In a hypothetical situation where you are managing a vSphere cluster on which lives depend, and something goes wrong, do you really want to spend additional time enabling SSH in order to begin solving the problem?
What if you contract for IaaS resources and have to make an appointment for IPMI access to enable SSH? How long is that going to take?
When my users complain about slow performance in the environment, I typically add vCPU and RAM to each affected VM. I believe that adding vCPU to Virtual Machines improves the performance of those VMs.
The truth is, you are probably doing more harm than good by adding more than a handful (2-4) vCPUs to any one VM! Using 2 vCPUs by default with servers and advanced VDI workloads is all that is needed to support multi-threaded workloads.
Adding vCPUs (beyond 2 vCPU) to a Virtual Machine only improves performance when those additional resources are actually required by the server. Any vCPU resources over and above what is actually used by the VM will actually slow down every other VM running on that ESXi by causing unnecessary CO-STOP on the host.
It’s easy to find and configure over-allocated vCPU’s using the vSphere Performance Charts for any VM in question.
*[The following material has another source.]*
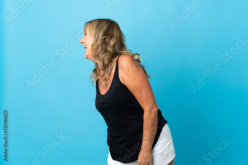 Middle aged blonde woman over isolated background shouting with mouth wide open to the side

- Select the VM and go to Performance. The default chart is for CPU, but it shows only 2 hours.
- Configure the chart to show whatever a full business cycle (Week/Month/Year) is and look at the maximum CPU utilization in percent.
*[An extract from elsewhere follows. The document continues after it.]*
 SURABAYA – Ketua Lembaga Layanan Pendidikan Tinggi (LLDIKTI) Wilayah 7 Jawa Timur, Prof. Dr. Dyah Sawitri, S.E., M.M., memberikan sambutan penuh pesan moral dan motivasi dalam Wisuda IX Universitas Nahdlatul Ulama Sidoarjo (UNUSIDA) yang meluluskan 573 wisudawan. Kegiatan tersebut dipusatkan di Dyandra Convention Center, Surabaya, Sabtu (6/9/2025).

- If the maximum utilization is less than 50%, it is very likely that there are too many vCPUs configured for the VM in question.
I believe vCenter should be installed on a physical server. How can vCenter be located on servers which it manages? I believe that if I loose vCenter, I will loose contact with everything!
This old myth has been disproved time and time again. Now, one of the most highly recommended methods of installing vCenter, using the VMware® vCenter™ Server Appliance™ can only be done on a VM!
The truth is that vCenter does not tunnel anything. Rather, you connect to it (vCenter) and vCenter connects to ESXi Hosts. Even when you open a VMRC, that graphical data and user I/O is being transmitted between the ESXi Host where the Virtual Machine is located and the client directly. That’s why so many users experience MKS issues with the VMRC!
Although a functioning vCenter is required to configure HA in the first place, vCenter is not required for HA to function and re-start VMs in the event of a host failure! HA is configured by way of agents which are installed on each ESXi host that is a member of the Cluster. Even if the very ESXi Host that contained vCenter (Windows or VCSA) were to fail, in 15 seconds the HA agents on the remaining ESXi Hosts would act to re-start all of the VMs including vCenter.
- If you relied on a physical server to host vCenter, and that server were to fail for any reason; the best-case scenario would require user intervention to get vCenter back online.
- If you installed vCenter as a VM (even on the very cluster that it manages), then the minimum expectation would be that vCenter would be re-started by HA were it to be affected by a Host Failure
- Theoretically, with vSphere Enterprise or vSphere Enterprise Plus Editions, it would be possible to leverage FT to protect vCenter above and beyond the protections HA affords!
Besides, how could you maintain that vSphere is suitable to protect mission-critical workloads if it can’t even protect itself!